FIG. 8 is a diagram showing an arrangement of an internal ROM read program in a conventional example.

[Explanation of symbols]

1 Single Chip Microcomputer 2 Address Judgment Circuit 3 Internal ROM 4, 10, 11 Selector 5 CPU 6 Latch Circuit 7 External Memory 8, 9 Output Port Latch 12 Memory Expansion Flag 13 AND Circuit 14 E ² PROM Operation Designation Flag 15 E ² PROM

Claims (5)

[Claims] 1. An internal ROM having an internal ROM, wherein the internal RO is selected through a selection operation according to a logical value of a predetermined operation mode designating terminal.
In a single-chip microcomputer operating either M or an external memory connected through a predetermined interface terminal as one of data storage means, a reset state releases a logical value at the operation mode designation terminal. A single-chip microcomputer including a latch circuit that latches at a specified time. 2. An internal ROM is provided with a memory that is electrically rewritable, and is connected to the internal ROM through a predetermined interface terminal through a selection operation based on a logical value of a predetermined operation mode designating terminal. A single chip that operates either one of the external memories as one of the data storage means.
In the microcomputer, access to the electrically rewritable memory is permitted when the logical value at the time of releasing the reset state at the operation mode designating terminal is the logical value for selecting the external memory for the data storage unit.
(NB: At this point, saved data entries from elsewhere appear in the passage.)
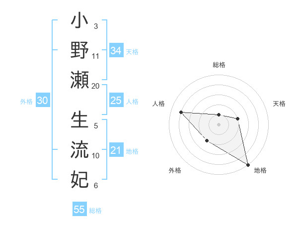 小野瀬 生流妃さんを姓名の画数から五運を鑑定
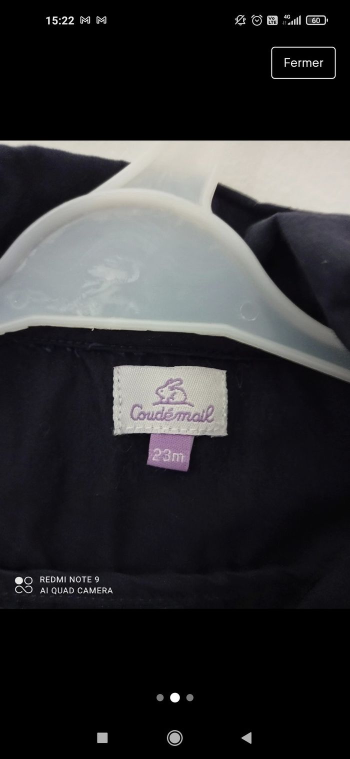 #deuxanslilou92170 En parfait état Taille 23 mois Marque coudemail Couleur marine Pour voir tout les vêtements de cette taille copiez collez #deuxanslilou92170 dans la barre de recherche
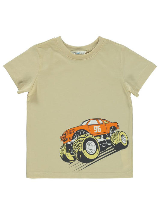 Civil boys 96 araba baskılı 2-5 yaş tişört - bej
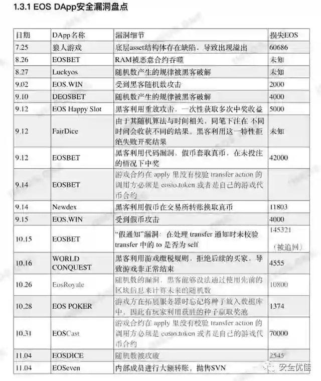 专注EOS生态的网站IMEOS联合百家媒体在11月初发布了一份《EOS平台DApp生态数据分析报告》,对EOS DApp的安全漏洞进行了一个盘点。四个月时间,发生了18起安全漏洞事件,EOS总的损失规模达上千万。
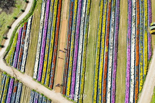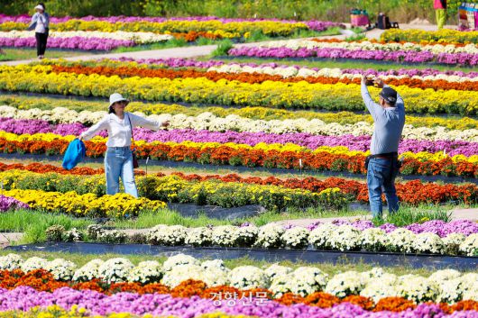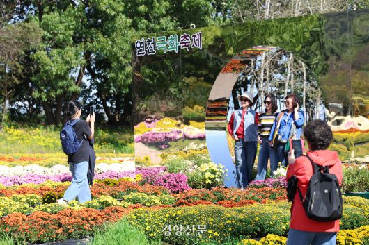 경기 연천군 연천전곡리유적에서 국화축제가 열린 17일 시민들이 꽃구경하고 있다. 한수빈 기자 |

A single-chip microcomputer, comprising: a first flag for inhibiting; and a latch circuit for latching a logical value at the operation mode designating terminal at a time point when the reset state is released. 3. The first flag comprises an electrically rewritable memory.
The described single-chip microcomputer. 4. The single-chip microcomputer according to claim 2, wherein the first flag comprises a mask ROM. 5. The single-chip microcomputer according to claim 2, wherein the first flag is composed of metal wiring in a semiconductor manufacturing process.